The Money Bill question
- Whether this decision disappoints those who had high expectations or remains enigmatic on key aspects is a question which will be debated for long.
- But clearly the majority disappoints with the lack of constitutional scrutiny on the finality of the Speaker’s decision on what amounts to a Money Bill under Article 110(3) of the Constitution.
- The other view is that the Speaker, like all constitutional functionaries, is bound to exercise the discretion reasonably; purposive as well as strict pragmatic scrutiny carrying “lethal emanations” from Article 14 and 21 must ensue when a large number of bills are tagged with Money Bills.
- This is dangerous because it removes the rationale for bicameral legislatures, because the Constitution does not foreclose the Rajya Sabha’s collective right to meaningfully deliberate legislative change.
- Justice Chandrachud fully dissents and holds the law invalid as a “fraud on the Constitution”, that is a colourable exercise of constitutional power.
- He maintains that the “notion of absolute power” is anathema to the Constitution and that there is need to “liberate its founding principles from its colonial past”.
- Its purpose cannot be to shield an excess of power from being questioned before the court, nor to clothe a high functionary with utter impunity.
Constitutional purpose
- Memorably, he says that the “ultimate test” is whether the ouster of “judicial review is designed to achieve a constitutional purpose” that “meets the test of functionality, assessed in terms of a constitutional necessity”.

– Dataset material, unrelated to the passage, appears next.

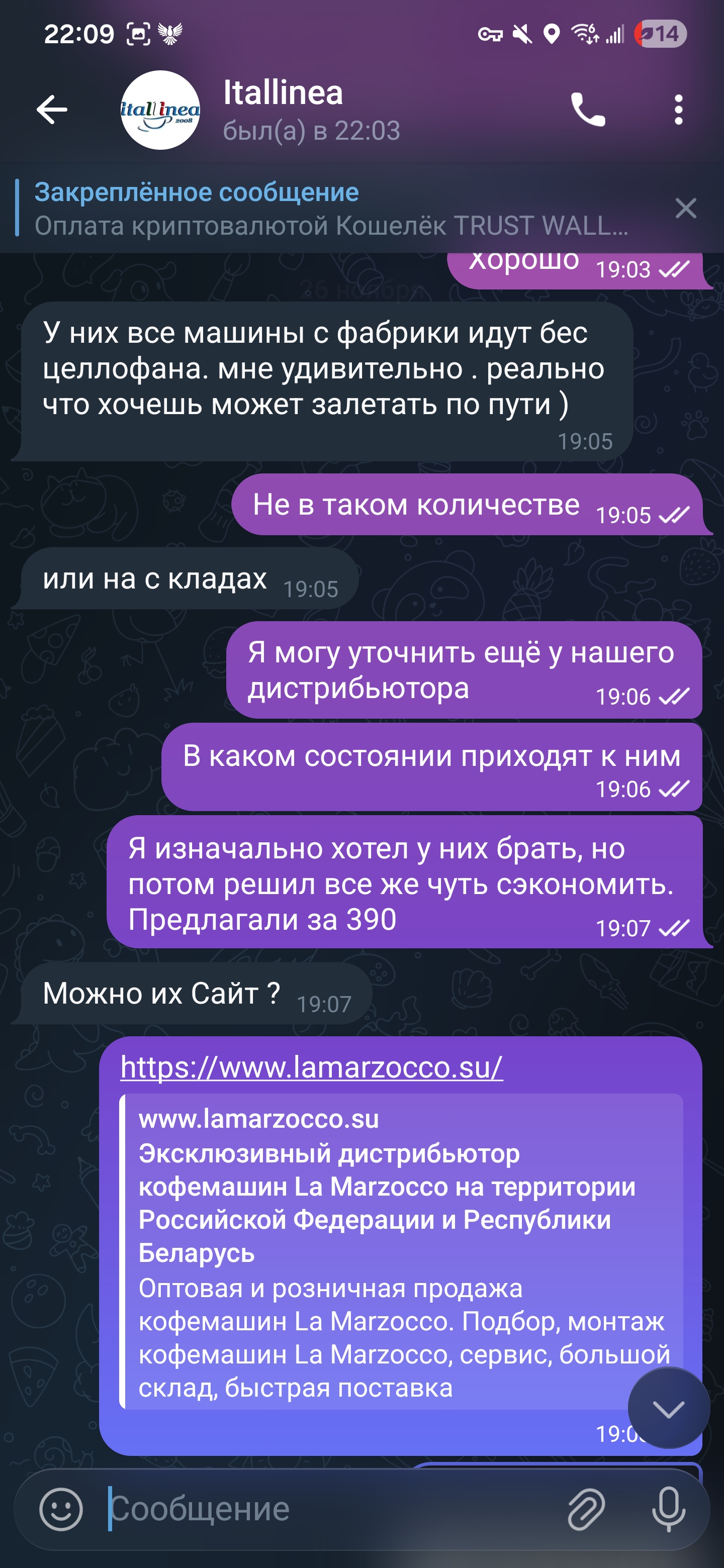Нет. я не говорил что работаю с La Marzocco на прямую. Это опять Ваши догадки. Беру у местного, порядочного и проверенного дилера. Причем давно. Но. ок. Клиент всегда прав ! Спасибо

- Pointedly, Justice Chandrachud says: “In the seventh decade of the republic, our interpretation of the Constitution must subserve the need to liberate it from its colonial detritus.” Accordingly, he holds that the decision to give the Aadhaar Bill the status of a Money Bill violates the principle of bicameralism, declared as a part of basic structure, and an aspect of federalism and entails a “debasement of a democratic institution” which “cannot be allowed to pass”.
The proportionality test
- Perhaps, a salient reason for the majority decision is to be found in ‘balancing’ interests under the ‘proportionality test’: simply put, any conflict of interest requires balancing, keeping in view constitutional first principles and its vision, values, and the mission.
- The majority decision offers a harmonious construction, but the dissenting opinion shows why this is not the only or necessarily the best way.
- Do the ways of upholding the Aadhaar also open the floodgates of being constitutionally nir-aadhaar?